=== WORKING DATA ===
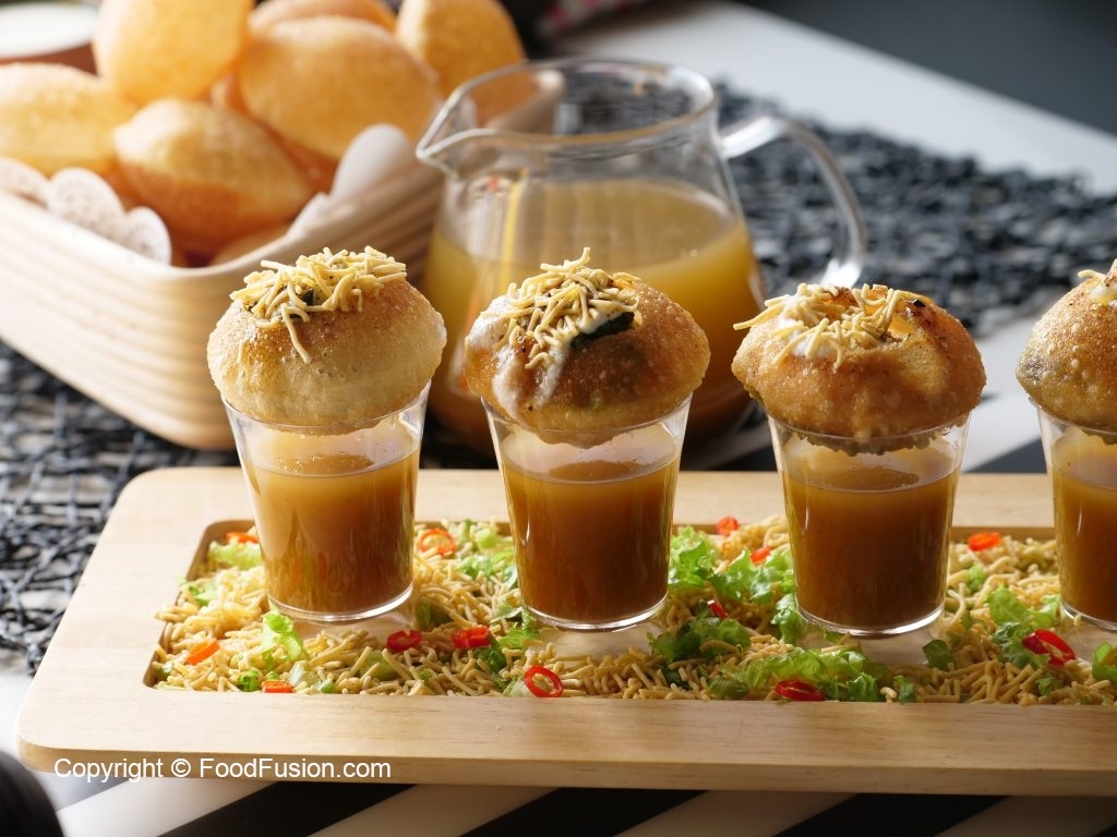 Gol gaapy mein hole ker lein,chanay,aloo & hari mong daal,spicy hari chutney,dahi,tayyar meethi chutney,chaat masal aur nimco sev dal dein aur tayyar minty khatta pani ka saath serve karein!
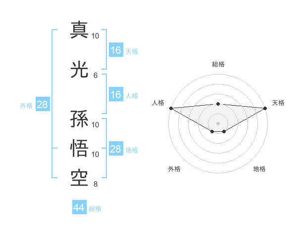 真光 孫悟空さんの天格は16画の5点!
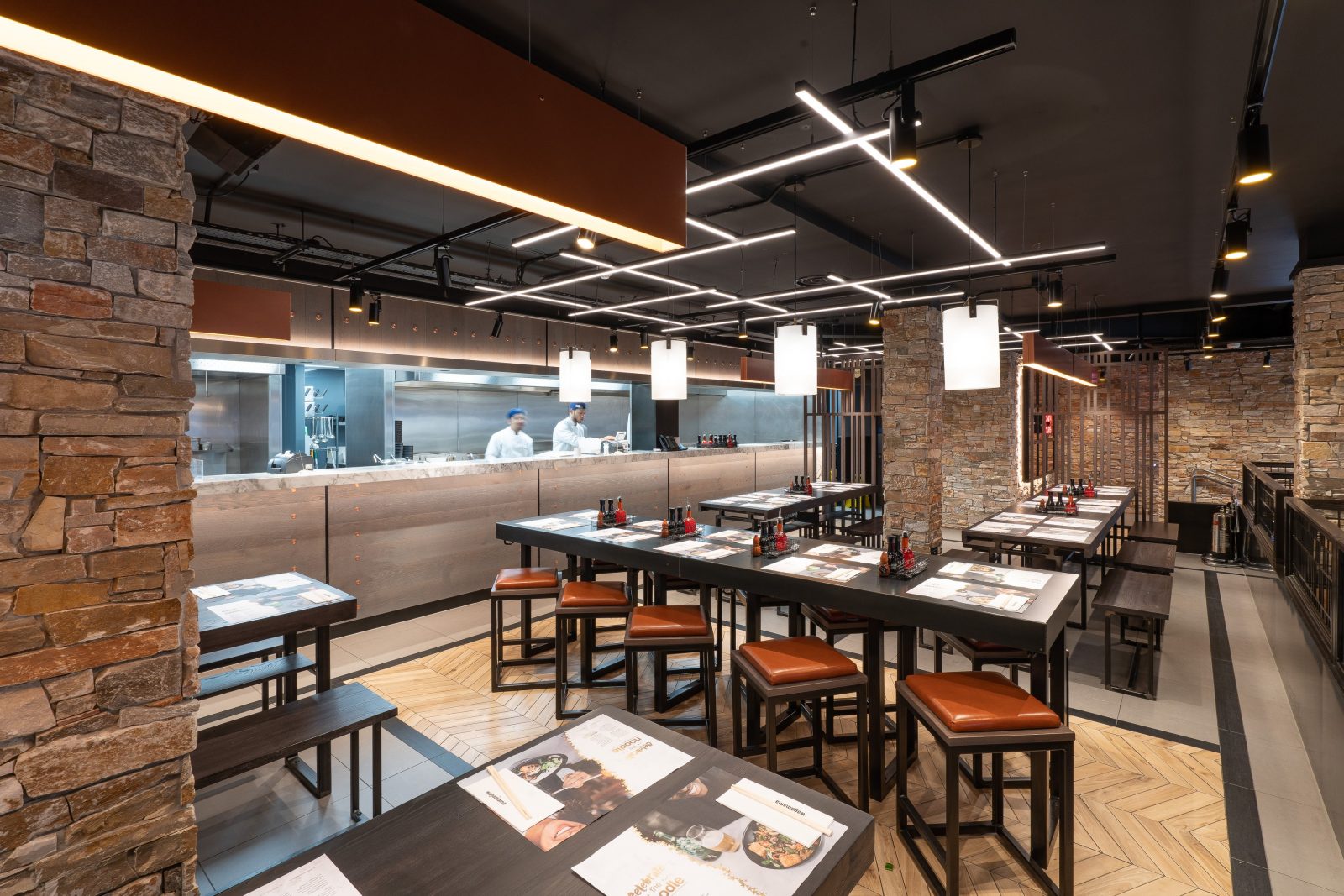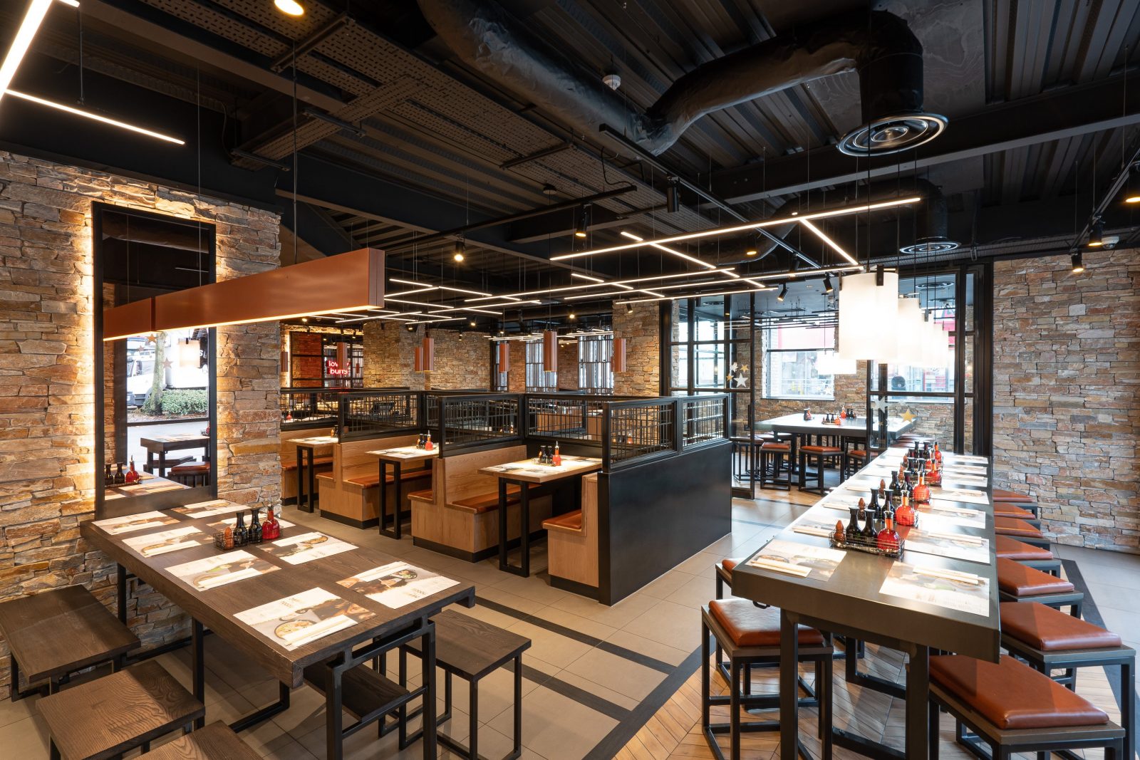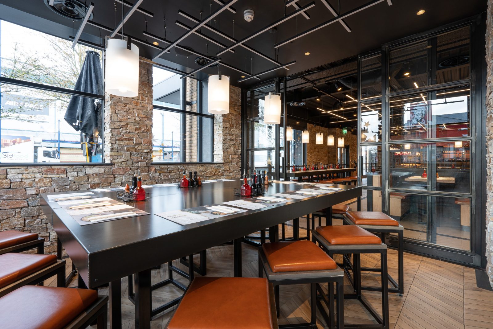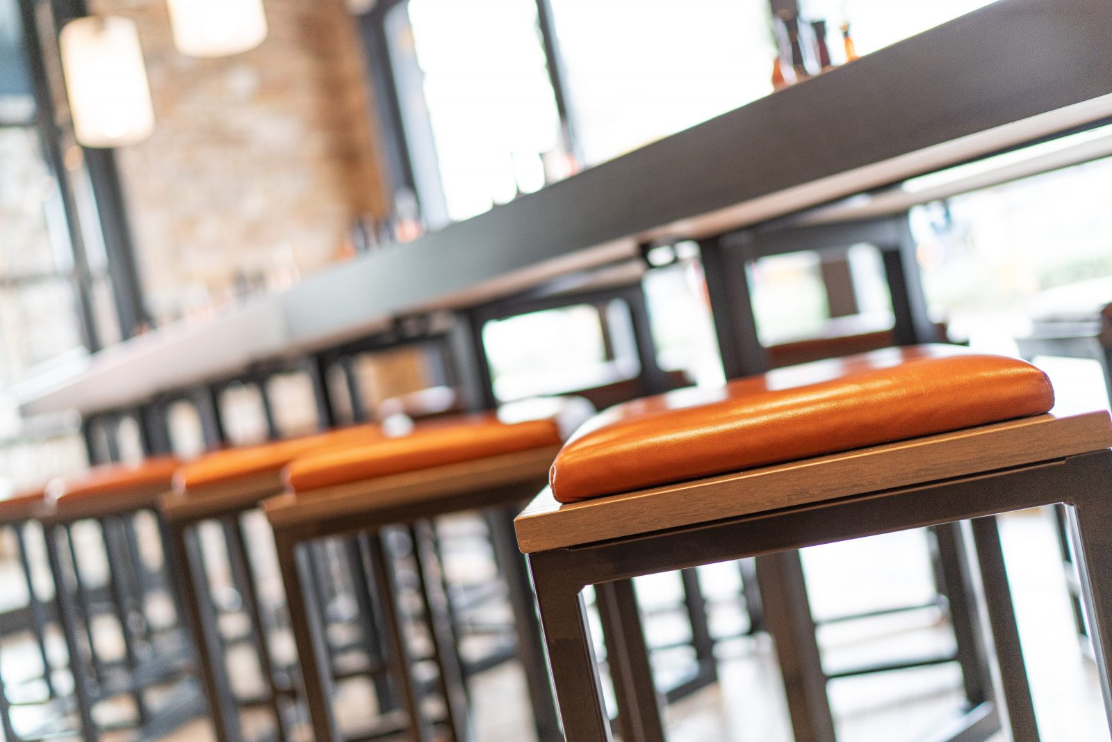 For Wagamama Stevenage, Hill Cross were approached to produce all furniture for the venue. Working with Quadrant Design, we supplied bespoke items including: Tables, matching stools and benches, fixed seating and host units. All of these had to be produced in black metal and dark timber with contrasting pieces like the fixed seating in lighter stains, finished with a tan leather upholstered seat.
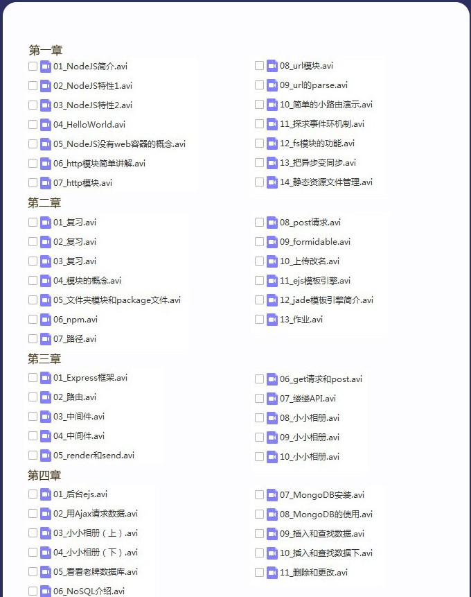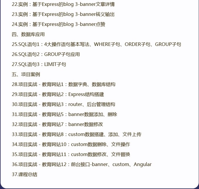 node.js后端框架Express自学视频教程入门到精通博客微信项目实战,node.js应用开发自学视频教程带项目实战+课件+源码,nodejs经典课程和就业课程+node实战博客项目+Node实战微信电影票务系统。
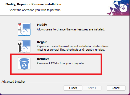 Akıllı Tahta Kontrol (Eski Ver.) uygulaması akıllı cihazınızda yüklüyse yeniden yüklemek yerine Modify (Değiştir)/Repair (Onar)/Remove (Kaldır) seçenekleri karşınıza çıkar. Bu seçeneklerden Remove (Kaldır) seçeneğini seçip pencerenin alt tarafında bulunan Next (İleri) butonuna tıklamalısınız.
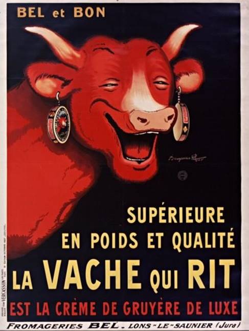 Various legends are associated with the creation of this pasteurized cheese made from cream mixed with gruyère, comté, emmenthal, edam, cheddar, or gouda, or some combination of these cheeses (today, the recipe differs according to the country in which it is made). Some say it was a Swiss invention from 1910; others say it was a French invention from about 1920. According to Wikipedia, the name and the image come from French meat supply trucks in the First World War, which were decorated with the image of a laughing cow and known as “Wachkyrie” or “Vachkyrie” – a pun on the “Valkyrie” symbol that marked German army trucks. Frankly, I thought it was one of those language myths that don’t hold up to close scrutiny. So I checked with Gallica.
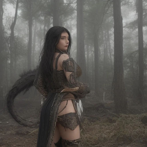 A majestic Norse warrior maiden stands tall, long sword in hand, against a ferocious black dragon. The maidens piercing green eyes gleaming with ferocity. Long, waist length, raven-black tresses cascade down her back, highlighting beautiful features. Her physique is a masterpiece of beauty and curves, accentuated by the fitted halter leather top and armor that hugs her form. The enormous, firm breasts are barely contained within the ornate leather, as if daring the world to gaze upon their splendor. Against this backdrop of a battle blood spatter dots her flesh as smoke swirls about the rustic village in flame, she stands determined, long sword in hand, ready to pounce, her imposing figure a testament to her unyielding strength and unshakeable will.
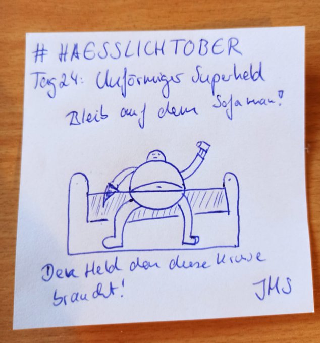 #haesslichtober. Tag 24: Unförmiger Superheld. Die Krise geht weiter. Sie wird sogar noch schlimmer. Doch in Zeiten der Not erheben sich Helden. Jeder von uns kann es sein. Der Held den diese Krise braucht: Bleib-auf-dem-Sofa-Man! #inktober #drawing #uglytober
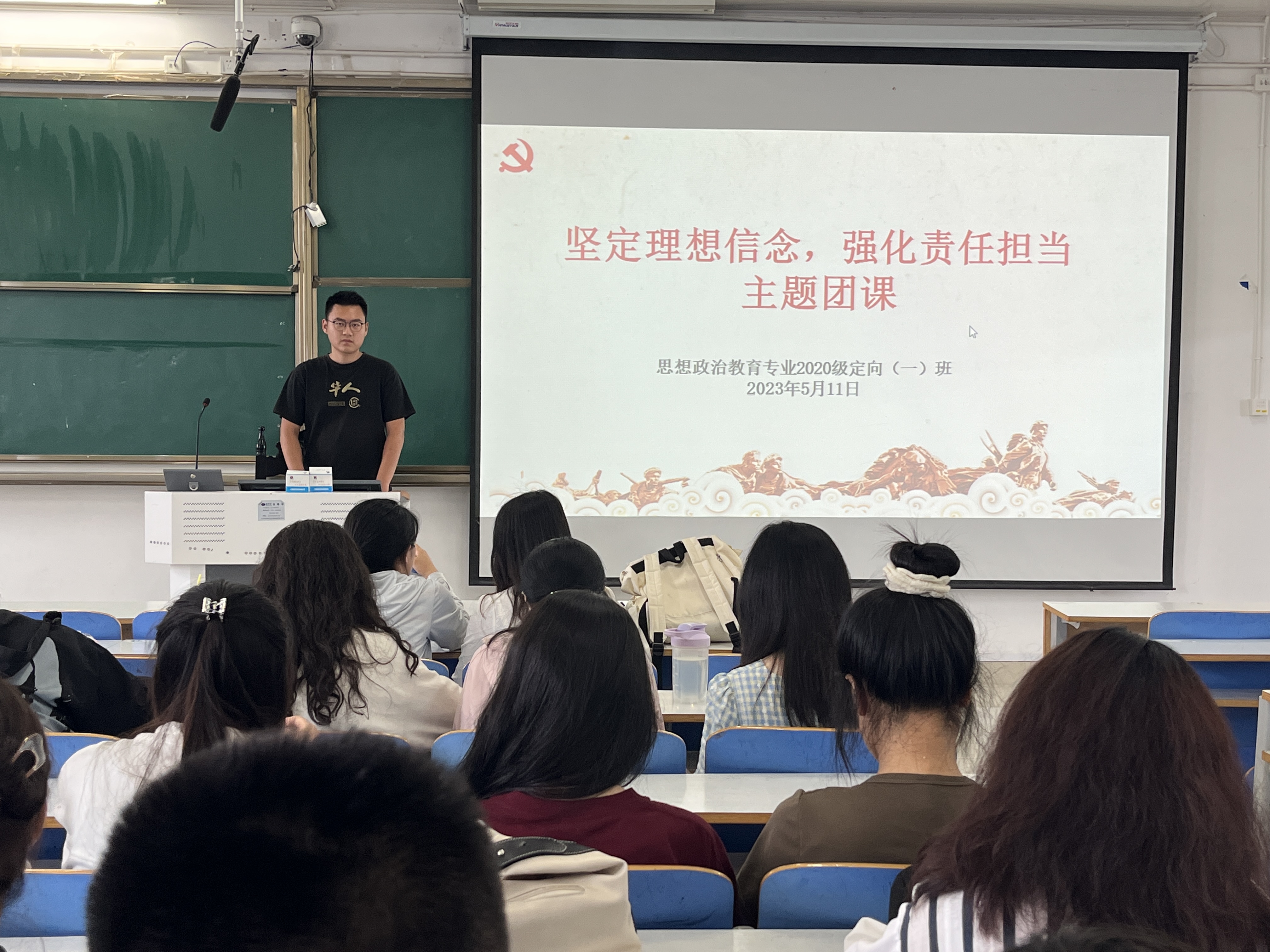 5月11日下午,beat365在线唯一官网2020级思想政治教育定向一班在社科楼514教室顺利举行了坚定理想信念,强化责任担当主题班会。此次班会由团支书朱紫峰主持。
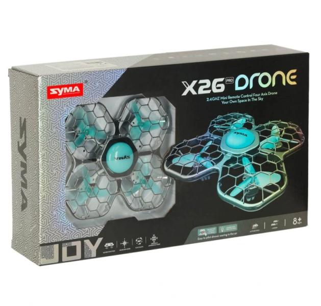 Dron Syma X26PRO nabízí snadné ovládání a spoustu funkcí, které ocení začátečníci i mírně pokročilí uživatelé. Díky barometru udržuje stabilní výšku letu, zatímco čidla proti nárazu pomáhají chránit dron před poškozením při nárazech do překážek. LED osvětlení zajišťuje lepší viditelnost za horších světelných podmínek a přispívá k atraktivnímu vzhledu během letu.
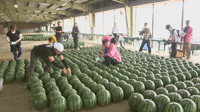 24日は主力品種となっている「羅皇ザ・スウィート」1200玉が出荷され、関係者が出来栄えを確認していきました。今年は春先の天候不順でやや小ぶりとなっていますが、甘さや食感は、例年通りの出来栄えだということです。

=== AIM OF THE TASK ===
Give back the data exactly, with no images.

=== RESPONSE FOR THIS EXERCISE ===
 Gol gaapy mein hole ker lein,chanay,aloo & hari mong daal,spicy hari chutney,dahi,tayyar meethi chutney,chaat masal aur nimco sev dal dein aur tayyar minty khatta pani ka saath serve karein!
 真光 孫悟空さんの天格は16画の5点!
 For Wagamama Stevenage, Hill Cross were approached to produce all furniture for the venue. Working with Quadrant Design, we supplied bespoke items including: Tables, matching stools and benches, fixed seating and host units. All of these had to be produced in black metal and dark timber with contrasting pieces like the fixed seating in lighter stains, finished with a tan leather upholstered seat.
 node.js后端框架Express自学视频教程入门到精通博客微信项目实战,node.js应用开发自学视频教程带项目实战+课件+源码,nodejs经典课程和就业课程+node实战博客项目+Node实战微信电影票务系统。
 Akıllı Tahta Kontrol (Eski Ver.) uygulaması akıllı cihazınızda yüklüyse yeniden yüklemek yerine Modify (Değiştir)/Repair (Onar)/Remove (Kaldır) seçenekleri karşınıza çıkar. Bu seçeneklerden Remove (Kaldır) seçeneğini seçip pencerenin alt tarafında bulunan Next (İleri) butonuna tıklamalısınız.
 Various legends are associated with the creation of this pasteurized cheese made from cream mixed with gruyère, comté, emmenthal, edam, cheddar, or gouda, or some combination of these cheeses (today, the recipe differs according to the country in which it is made). Some say it was a Swiss invention from 1910; others say it was a French invention from about 1920. According to Wikipedia, the name and the image come from French meat supply trucks in the First World War, which were decorated with the image of a laughing cow and known as “Wachkyrie” or “Vachkyrie” – a pun on the “Valkyrie” symbol that marked German army trucks. Frankly, I thought it was one of those language myths that don’t hold up to close scrutiny. So I checked with Gallica.
 A majestic Norse warrior maiden stands tall, long sword in hand, against a ferocious black dragon. The maidens piercing green eyes gleaming with ferocity. Long, waist length, raven-black tresses cascade down her back, highlighting beautiful features. Her physique is a masterpiece of beauty and curves, accentuated by the fitted halter leather top and armor that hugs her form. The enormous, firm breasts are barely contained within the ornate leather, as if daring the world to gaze upon their splendor. Against this backdrop of a battle blood spatter dots her flesh as smoke swirls about the rustic village in flame, she stands determined, long sword in hand, ready to pounce, her imposing figure a testament to her unyielding strength and unshakeable will.
 #haesslichtober. Tag 24: Unförmiger Superheld. Die Krise geht weiter. Sie wird sogar noch schlimmer. Doch in Zeiten der Not erheben sich Helden. Jeder von uns kann es sein. Der Held den diese Krise braucht: Bleib-auf-dem-Sofa-Man! #inktober #drawing #uglytober
 5月11日下午,beat365在线唯一官网2020级思想政治教育定向一班在社科楼514教室顺利举行了坚定理想信念,强化责任担当主题班会。此次班会由团支书朱紫峰主持。
 Dron Syma X26PRO nabízí snadné ovládání a spoustu funkcí, které ocení začátečníci i mírně pokročilí uživatelé. Díky barometru udržuje stabilní výšku letu, zatímco čidla proti nárazu pomáhají chránit dron před poškozením při nárazech do překážek. LED osvětlení zajišťuje lepší viditelnost za horších světelných podmínek a přispívá k atraktivnímu vzhledu během letu.
 24日は主力品種となっている「羅皇ザ・スウィート」1200玉が出荷され、関係者が出来栄えを確認していきました。今年は春先の天候不順でやや小ぶりとなっていますが、甘さや食感は、例年通りの出来栄えだということです。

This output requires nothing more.